这个算法的名字由来是因为越大的元素会经由交换慢慢“浮”到数列的顶端,故名。
算法原理
- 比较相邻的元素。如果第一个比第二个大,就交换他们两个。
- 对每一对相邻元素作同样的工作,从开始第一对到结尾的最后一对。在这一点,最后的元素应该会是最大的数。
- 针对所有的元素重复以上的步骤,除了最后一个。
- 持续每次对越来越少的元素重复上面的步骤,直到没有任何一对数字需要比较。
时间复杂度
冒泡排序的最优时间复杂度为:[latex]O(n)[/latex]
最坏时间复杂度为:[latex]O(n^2)[/latex]
平均时间复杂度为:[latex]O(n^2)[/latex]
示例代码
public static void BubbleSort(Integer[] list) {
for (int i = 0; i < list.length; i++) {
for (int j = i + 1; j < list.length; j++) {
if (list[i] > list[j]) {
swap(list, i, j);
}
}
}
}
在归并排序中用到的是冒泡排序的修改版,多了两个参数first和last,只对数组中索引从first到last的元素进行冒泡排序,示例代码如下。
public static void BubbleSort(
Integer[] list,
int first,
int last) {
for (int i = first; i <= last; i++) {
for (int j = i + 1; j <= last; j++) {
if (list[i] > list[j]) {
swap(list, i, j);
}
}
}
}
归并排序
归并排序(MERGE-SORT)是建立在归并操作上的一种有效的排序算法,该算法是采用分治法(Divide and Conquer)的一个非常典型的应用。将已有序的子序列合并,得到完全有序的序列;即先使每个子序列有序,再使子序列段间有序。若将两个有序表合并成一个有序表,称为二路归并。
算法原理
归并操作的工作原理如下:
- 第一步:申请空间,使其大小为两个已经排序序列之和,该空间用来存放合并后的序列
- 第二步:设定两个指针,最初位置分别为两个已经排序序列的起始位置
- 第三步:比较两个指针所指向的元素,选择相对小的元素放入到合并空间,并移动指针到下一位置
- 重复步骤3直到某一指针超出序列尾
- 将另一序列剩下的所有元素直接复制到合并序列尾
时间复杂度
时间复杂度为[latex]O(nlog₂n)[/latex] 这是该算法中最好、最坏和平均的时间性能。
空间复杂度为 [latex]O(n)[/latex]
比较操作的次数介于[latex](nlogn) / 2[/latex]和[latex]nlogn – n + 1[/latex]。

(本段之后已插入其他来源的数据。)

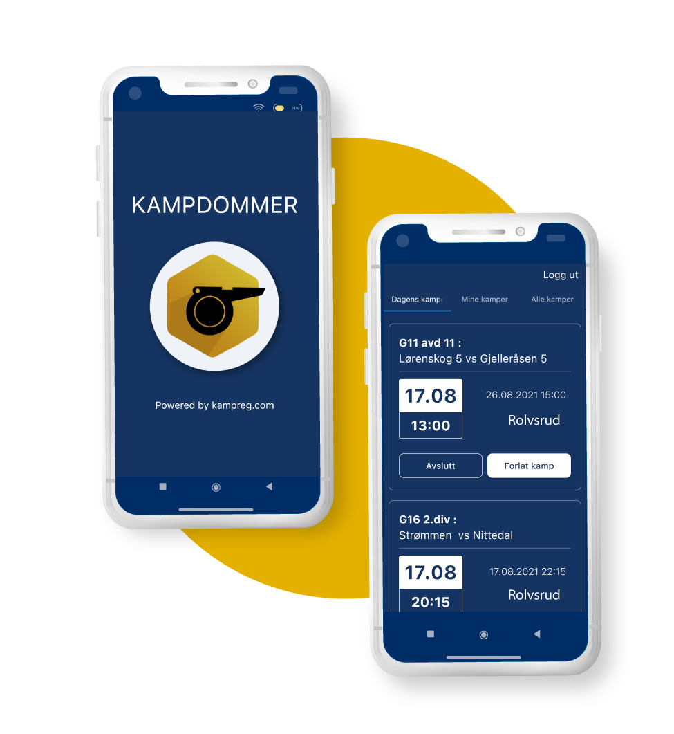 Vi har en app for dommerne, Kampdommer for dommer, og en app for ledere/trenere, Kampdommer for leder. Disse appene benyttes av dommere og ledere/trener før og etter kamp. Kampdommer kan benyttes med Apple og Android telefoner.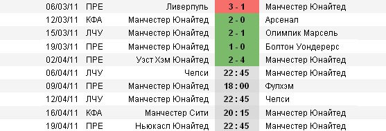 О составе. У гостей в этом плане есть проблемы, особенно учитывая защитную линию. Рафаэль, О’Ши и Флетчер участия в матче не примут, так же под вопросом находится участие Рио Фердинанда и Ван дер Сара соответственно. В остальном же все игроки должны подойти к матчу в тонусе, поэтому нам остается только ждать матча.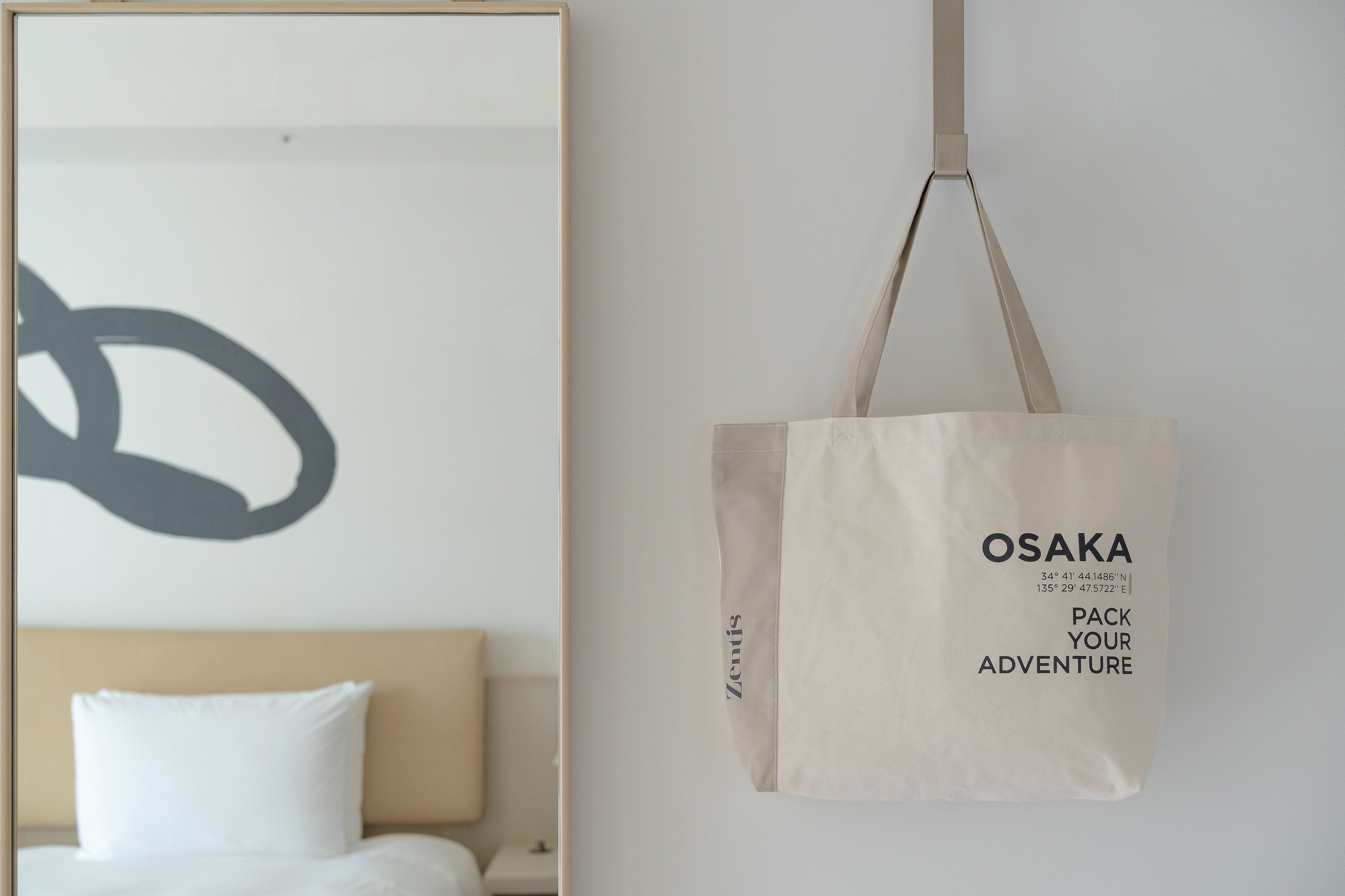 チェックイン時には「大阪で経験した『冒険』をこのバッグに詰め込もう」という想いを込めた、ホテルのオリジナルエコバックをプレゼント。アートや建築の中心地である大阪・中之島エリアの散策にもぴったりです。

赋值操作的次数是[latex](2nlogn)[/latex]。
归并算法的空间复杂度为:[latex]O (n)[/latex]
归并排序比较占用内存,但却是一种效率高且稳定的算法。
示例代码
public static void MergeArray(
Integer[] list,
int first,
int mid,
int last) {
int i = first;
int j = mid + 1;
int m = mid;
int n = last;
ArrayList<Integer> tmp = new ArrayList<>(
last - first + 1);
while (i <= m && j <= n) {
if (list[i] <= list[j]) {
tmp.add(list[i++]);
} else {
tmp.add(list[j++]);
}
}
while (i <= m) {
tmp.add(list[i++]);
}
while (j <= n) {
tmp.add(list[j++]);
}
for (int index = 0; index < tmp.size(); index++) {
list[first + index] = tmp.get(index);
}
}
public static void MergeSort(
Integer[] list,
int first,
int last) {
if (first < last) {
int mid = (first + last) / 2;
MergeSort(list, first, mid);
MergeSort(list, mid + 1, last);
MergeArray(list, first, mid, last);
}
}
归并排序升级版
下图是对1到100个随机数字进行排序,冒泡排序和归并排序运行的时间比较。(单位:秒)
可以看出,虽然归并排序的运行时间小于冒泡排序,但是在排序数字数目较少时(20个以下),冒泡排序的性能要优于归并排序,由此得出以下归并排序的升级版:
设置一个阈值min,当需要排序的数字数目大于min时,继续归并排序;反之,当需要排序的数字数目小于min时,进行冒泡排序。
示例代码如下,这里设置min为需要传入的参数。
public static void MergeSort2(
Integer[] list,
int first,
int last,
int min) {
if (last - first > min) {
int mid = (first + last) / 2;
MergeSort(list, first, mid);
MergeSort(list, mid + 1, last);
MergeArray(list, first, mid, last);
} else {
BubbleSort(list, first, last);
}
}
下面分别对传入参数min为3,4,5,6时对1到100000个随机数字进行排序的运行时间比较。(单位:秒)
放大图像的右下部分。
由于随机数字不稳定的原因,min的不同取值造成的运行时间影响也有所不同。这里的升级版本采取稳定性较好的min=5,示例代码如下。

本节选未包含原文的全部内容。